Task goal → Among the entries below, only the lines from the one with "施術時の痛みについて伺ったと" through the one with "ニューヨークで買い付けてきた" are wanted, reproduced exactly. Pictures are not wanted.

Records shown →
_ _ _ _ _ _ _

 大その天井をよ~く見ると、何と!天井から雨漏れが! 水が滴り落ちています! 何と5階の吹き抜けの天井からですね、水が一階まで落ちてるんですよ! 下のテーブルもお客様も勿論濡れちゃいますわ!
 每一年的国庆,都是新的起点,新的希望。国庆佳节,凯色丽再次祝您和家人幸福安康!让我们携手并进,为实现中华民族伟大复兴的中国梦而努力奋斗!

_ _ _ _ _ _ _

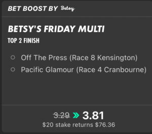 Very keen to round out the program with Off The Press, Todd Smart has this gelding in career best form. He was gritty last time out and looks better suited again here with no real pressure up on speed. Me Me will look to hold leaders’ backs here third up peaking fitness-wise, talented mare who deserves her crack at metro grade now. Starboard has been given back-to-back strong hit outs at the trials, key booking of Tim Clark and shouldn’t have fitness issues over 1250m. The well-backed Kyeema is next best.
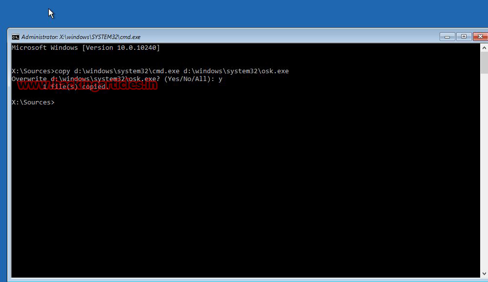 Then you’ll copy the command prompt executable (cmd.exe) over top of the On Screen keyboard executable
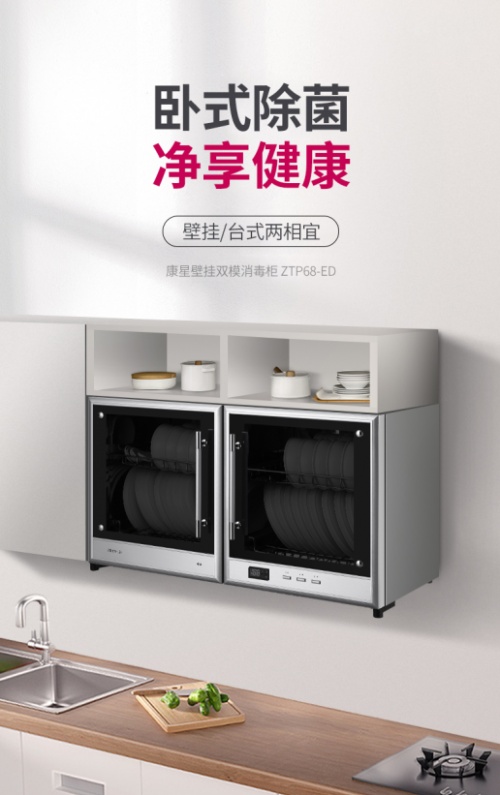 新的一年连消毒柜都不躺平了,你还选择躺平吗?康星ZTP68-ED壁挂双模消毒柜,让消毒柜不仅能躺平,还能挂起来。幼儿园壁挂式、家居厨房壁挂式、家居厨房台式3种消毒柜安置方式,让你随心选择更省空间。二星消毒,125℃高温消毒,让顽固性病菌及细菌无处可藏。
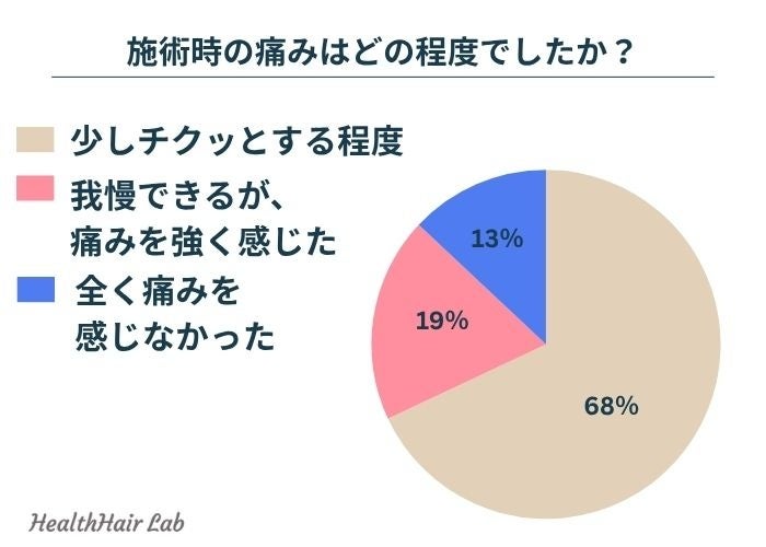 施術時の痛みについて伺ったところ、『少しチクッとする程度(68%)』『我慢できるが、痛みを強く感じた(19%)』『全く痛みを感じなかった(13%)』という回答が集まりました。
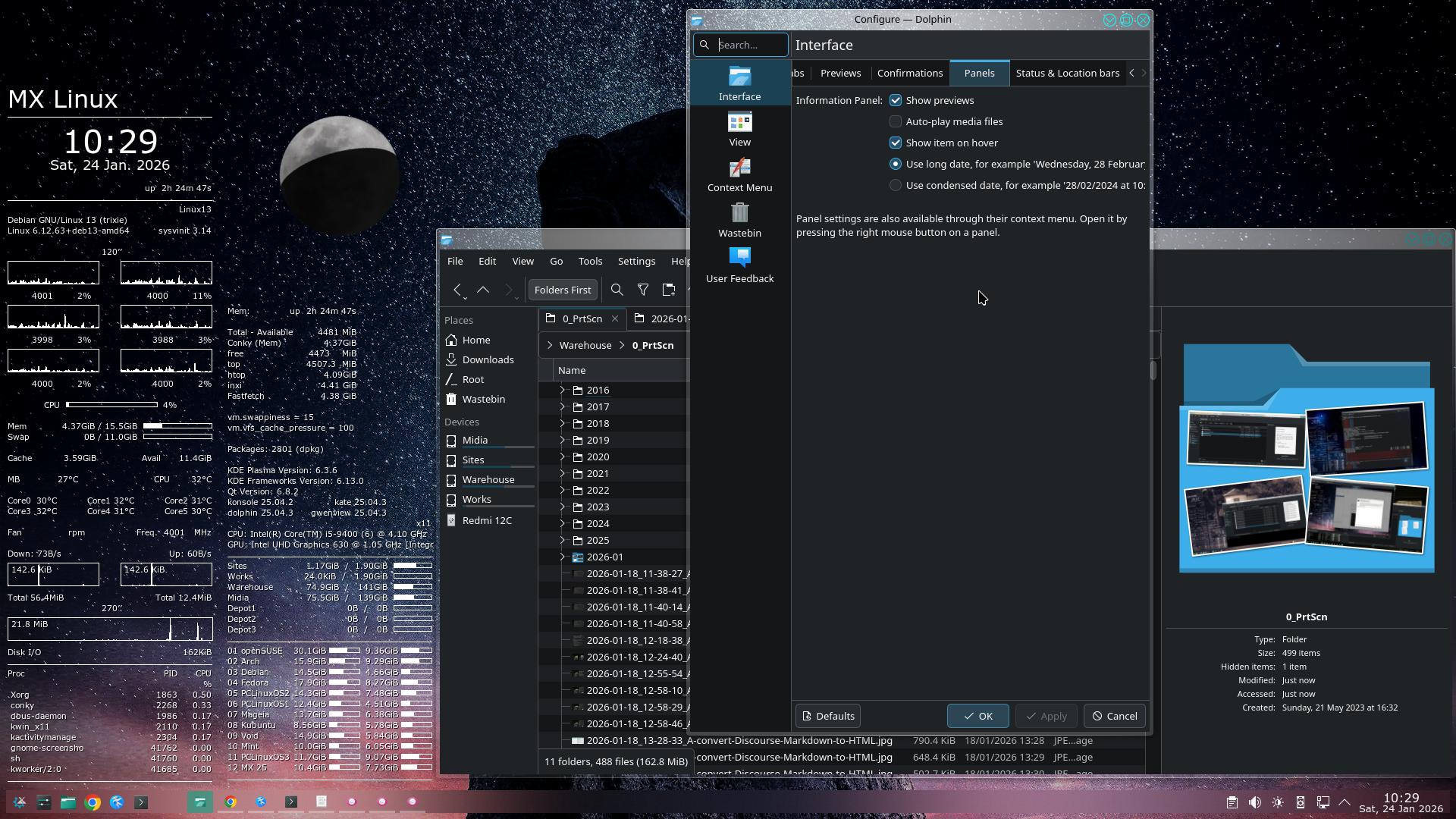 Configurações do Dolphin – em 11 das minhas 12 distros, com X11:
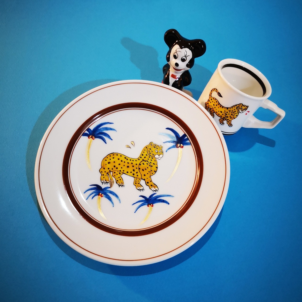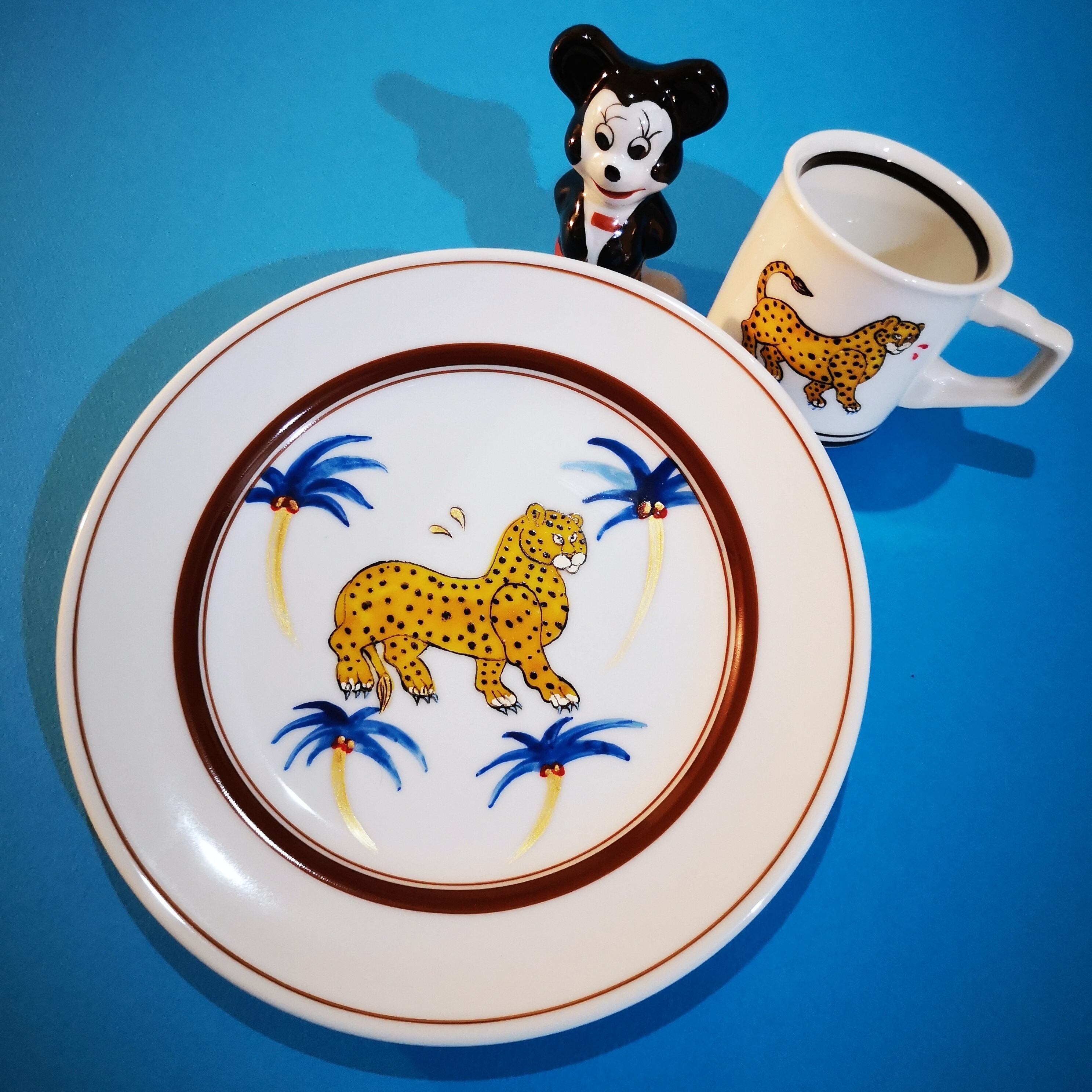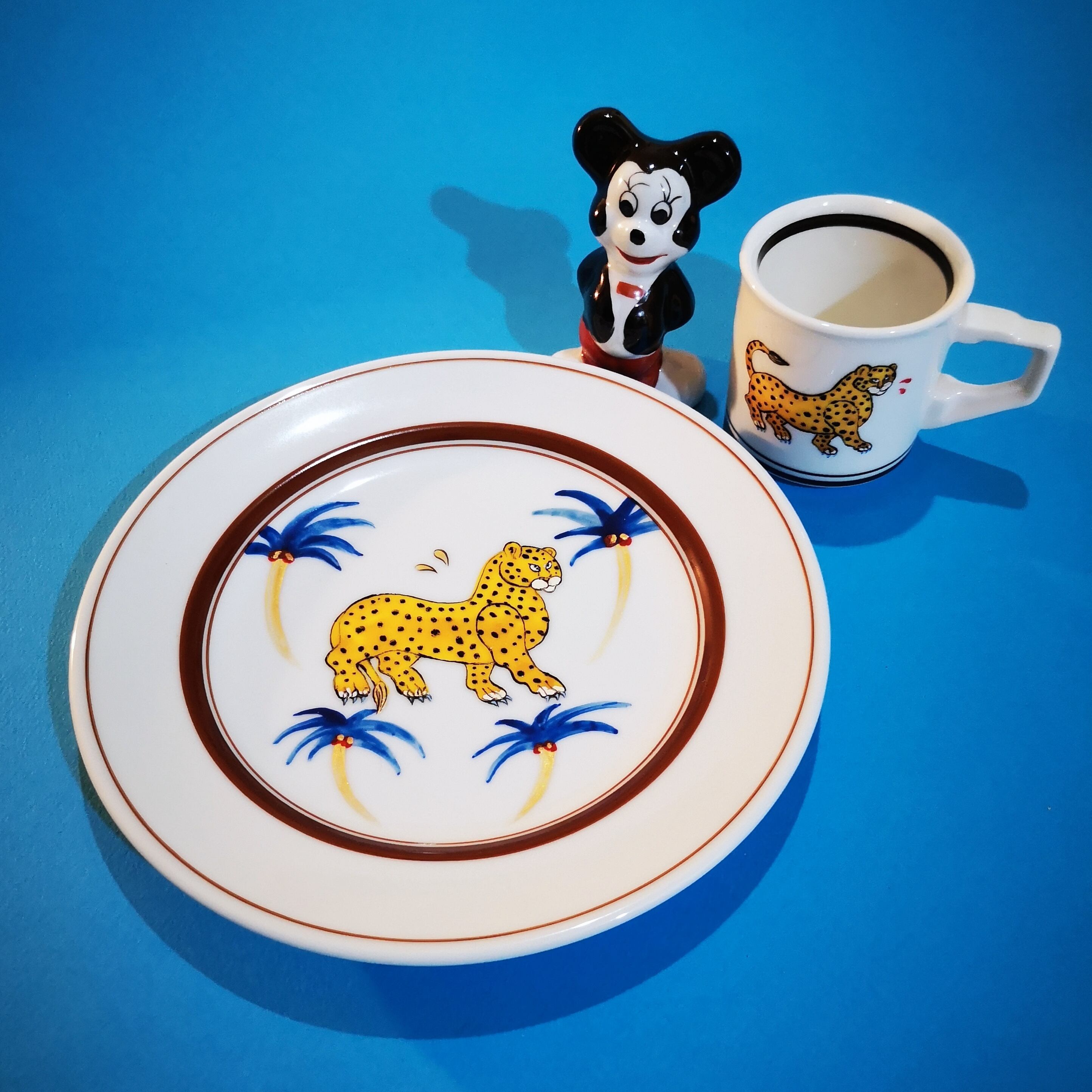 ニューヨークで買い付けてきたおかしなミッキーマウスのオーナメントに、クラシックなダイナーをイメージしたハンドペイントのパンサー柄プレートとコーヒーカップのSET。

_ _ _ _ _ _ _

Output for this exercise →
 施術時の痛みについて伺ったところ、『少しチクッとする程度(68%)』『我慢できるが、痛みを強く感じた(19%)』『全く痛みを感じなかった(13%)』という回答が集まりました。
 Configurações do Dolphin – em 11 das minhas 12 distros, com X11:
 ニューヨークで買い付けてきたおかしなミッキーマウスのオーナメントに、クラシックなダイナーをイメージしたハンドペイントのパンサー柄プレートとコーヒーカップのSET。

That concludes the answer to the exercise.